Each record below needs to be reproduced precisely, though not its pictures.

Records from a data collection:

· · · · · · ·

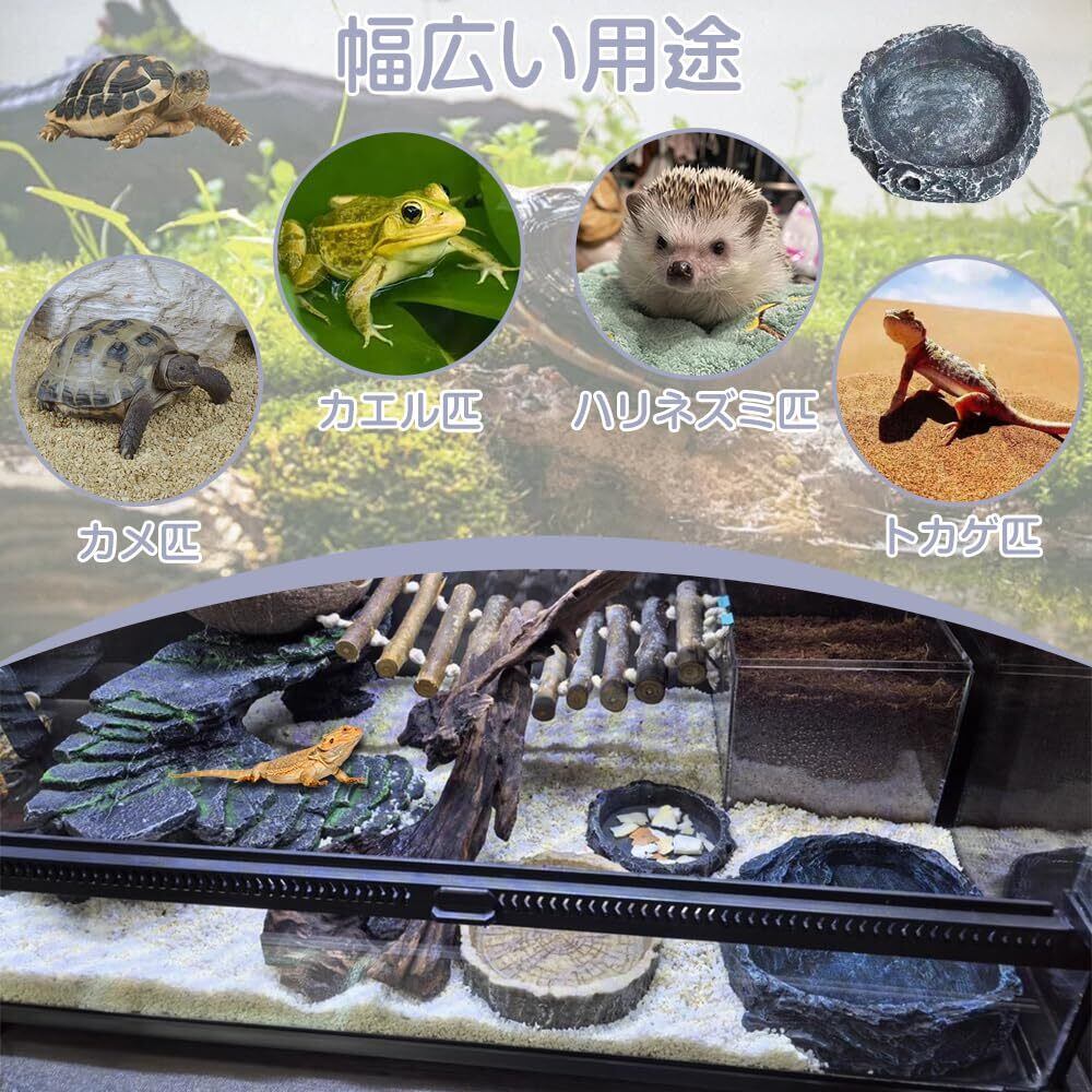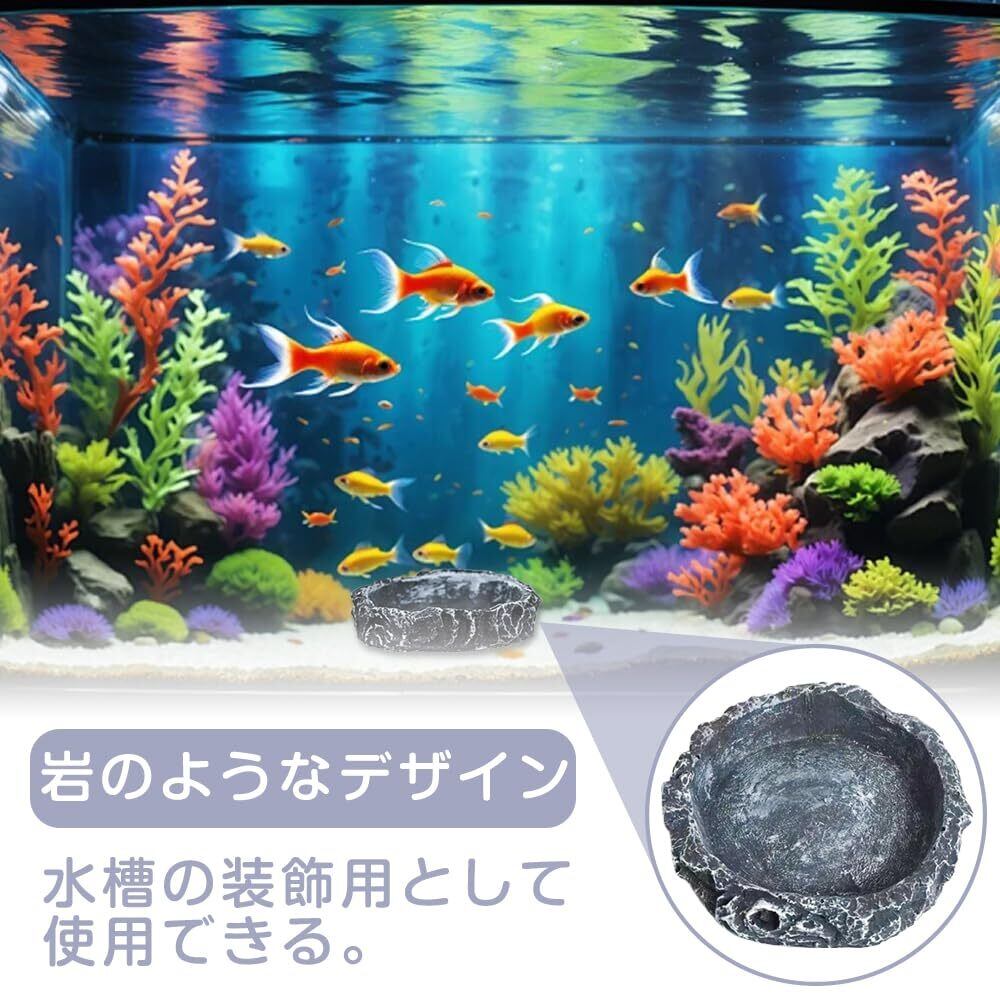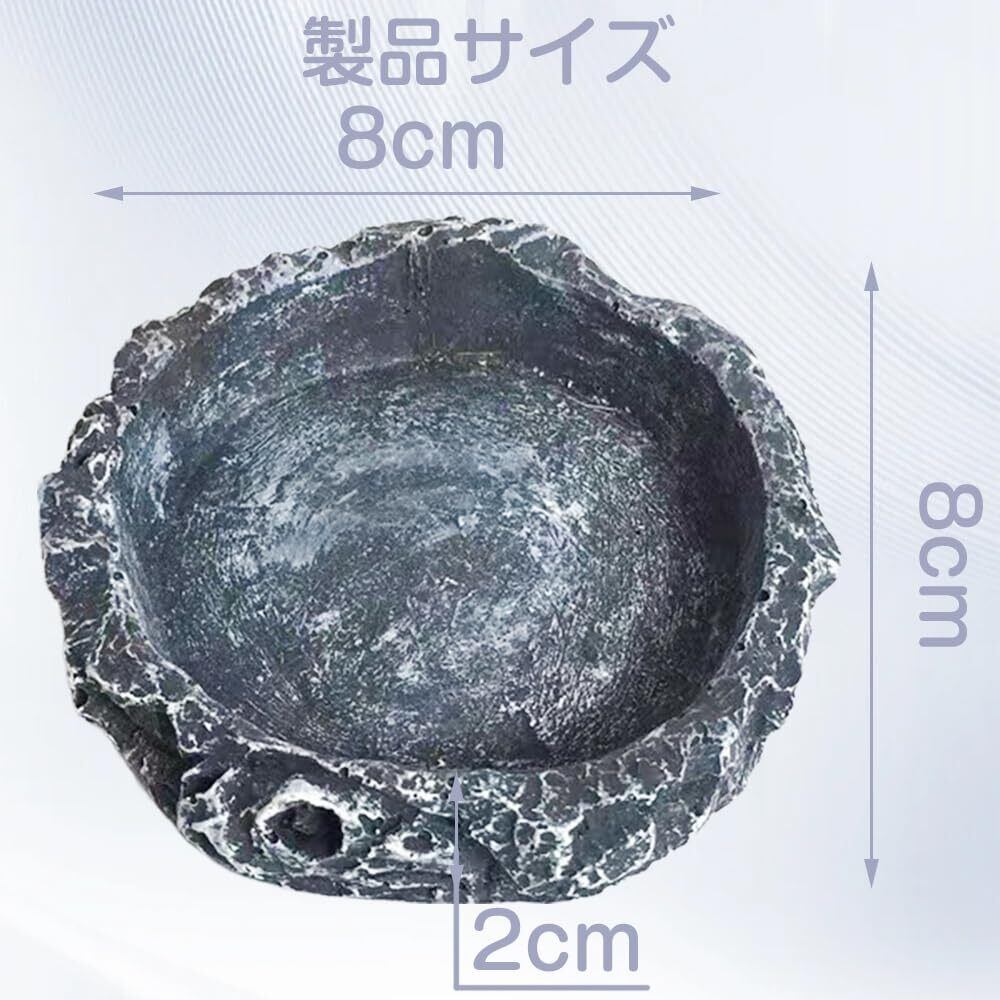 爬虫類の水皿のペット餌皿の餌ボール餌皿の自然な岩のイメージのペット餌セットカメのトカゲのカエルのハリネズミのヘビの爬虫類の避難所8*8*2cm灰色
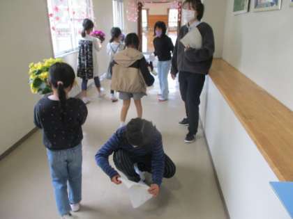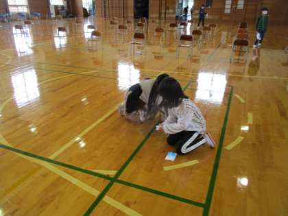 入学式の準備では、通る人が滑らないようにと、丁寧に床の水を拭きとる姿が見られました。
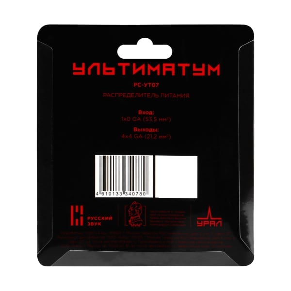 Урал Ультиматум РС-УТ07 – мощный распределитель питания, предназначенный для надёжной коммутации в системах автозвука высокой мощности. Изготовлен из позолоченного цинкового сплава, что обеспечивает высокую проводимость и устойчивость к окислению. Оснащён прозрачной акриловой крышкой для защиты от короткого замыкания и внешнего воздействия. Распределитель поддерживает подключение одного силового кабеля сечением до 0 GA на входе и четырёх выходов под кабели 4 GA. Идеально подходит для построения сложных схем питания с несколькими усилителями и блоками питания, где важна стабильность и безопасность соединений.
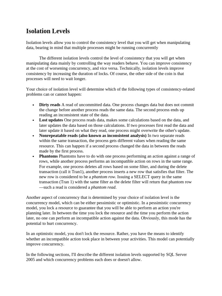 at the cost of worsening concurrency, and vice versa. Technically, isolation levels improve
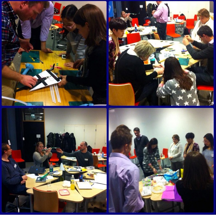 After the opening sessions, conference participants formed global teams, with the task of starting to “model the GEC”. The idea behind the task was that each global team would get to know each other, have an opportunity to discuss the day´s topics and would start to model GEC by using Innovation Education materials and tools. The global teams were so focused in building their GEC models that they almost forgot lunch!
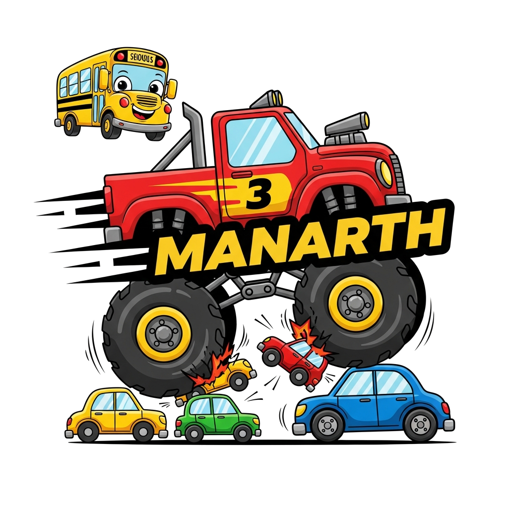 "A vibrant cartoon illustration of a powerful red monster truck with number '3' prominently displayed, crushing small, colorful toy cars. The name 'Manarth' is integrated boldly into the scene with speed lines. Surrounding the monster truck are various other cute cartoon vehicles like a yellow school bus and a blue sedan, all with a slightly edgy, fun style and bright primary colors."
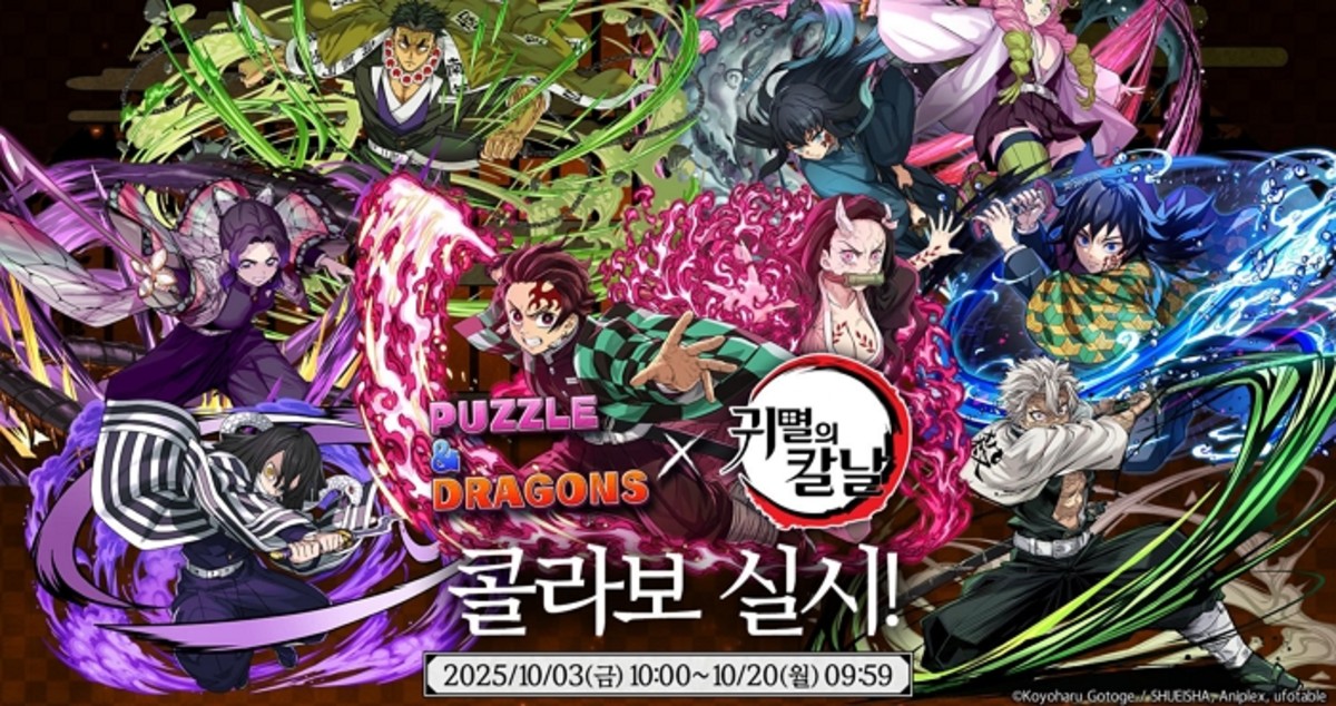 모바일 퍼즐 액션게임 '퍼즐앤드래곤'이 인기 애니메이션 '귀멸의 칼날'과 세 번째 콜라보레이션을 실시합니다.
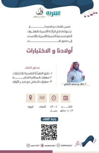 يدعوكم نادي الرائدة الأسرية بالعيون التابع لجمعية التنمية الأسرية بالأحساء إلى برنامج دثار العنوان:كيف نحمي...
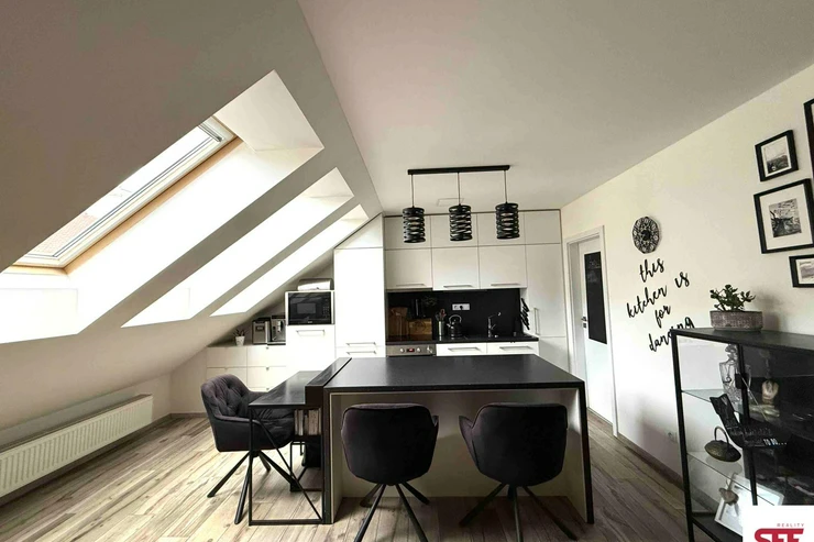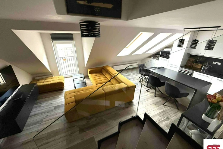The apartment is fully furnished with high-quality furniture and appliances and has been designed with an emphasis on openness, functionality, and modern design. The dominant feature of the interior is a designer glass staircase, which gives the apartment a unique character. The layout offers a spacious and bright living room with a modern, fully equipped kitchen, complemented by a practical pantry for food storage. There is also a separate bedroom, an open space suitable as a study, a bathroom, and an entrance hallway.

· · · · · · ·

Output below
 爬虫類の水皿のペット餌皿の餌ボール餌皿の自然な岩のイメージのペット餌セットカメのトカゲのカエルのハリネズミのヘビの爬虫類の避難所8*8*2cm灰色
 入学式の準備では、通る人が滑らないようにと、丁寧に床の水を拭きとる姿が見られました。
 Урал Ультиматум РС-УТ07 – мощный распределитель питания, предназначенный для надёжной коммутации в системах автозвука высокой мощности. Изготовлен из позолоченного цинкового сплава, что обеспечивает высокую проводимость и устойчивость к окислению. Оснащён прозрачной акриловой крышкой для защиты от короткого замыкания и внешнего воздействия. Распределитель поддерживает подключение одного силового кабеля сечением до 0 GA на входе и четырёх выходов под кабели 4 GA. Идеально подходит для построения сложных схем питания с несколькими усилителями и блоками питания, где важна стабильность и безопасность соединений.
 at the cost of worsening concurrency, and vice versa. Technically, isolation levels improve
 After the opening sessions, conference participants formed global teams, with the task of starting to “model the GEC”. The idea behind the task was that each global team would get to know each other, have an opportunity to discuss the day´s topics and would start to model GEC by using Innovation Education materials and tools. The global teams were so focused in building their GEC models that they almost forgot lunch!
 "A vibrant cartoon illustration of a powerful red monster truck with number '3' prominently displayed, crushing small, colorful toy cars. The name 'Manarth' is integrated boldly into the scene with speed lines. Surrounding the monster truck are various other cute cartoon vehicles like a yellow school bus and a blue sedan, all with a slightly edgy, fun style and bright primary colors."
 모바일 퍼즐 액션게임 '퍼즐앤드래곤'이 인기 애니메이션 '귀멸의 칼날'과 세 번째 콜라보레이션을 실시합니다.
 يدعوكم نادي الرائدة الأسرية بالعيون التابع لجمعية التنمية الأسرية بالأحساء إلى برنامج دثار العنوان:كيف نحمي...
The apartment is fully furnished with high-quality furniture and appliances and has been designed with an emphasis on openness, functionality, and modern design. The dominant feature of the interior is a designer glass staircase, which gives the apartment a unique character. The layout offers a spacious and bright living room with a modern, fully equipped kitchen, complemented by a practical pantry for food storage. There is also a separate bedroom, an open space suitable as a study, a bathroom, and an entrance hallway.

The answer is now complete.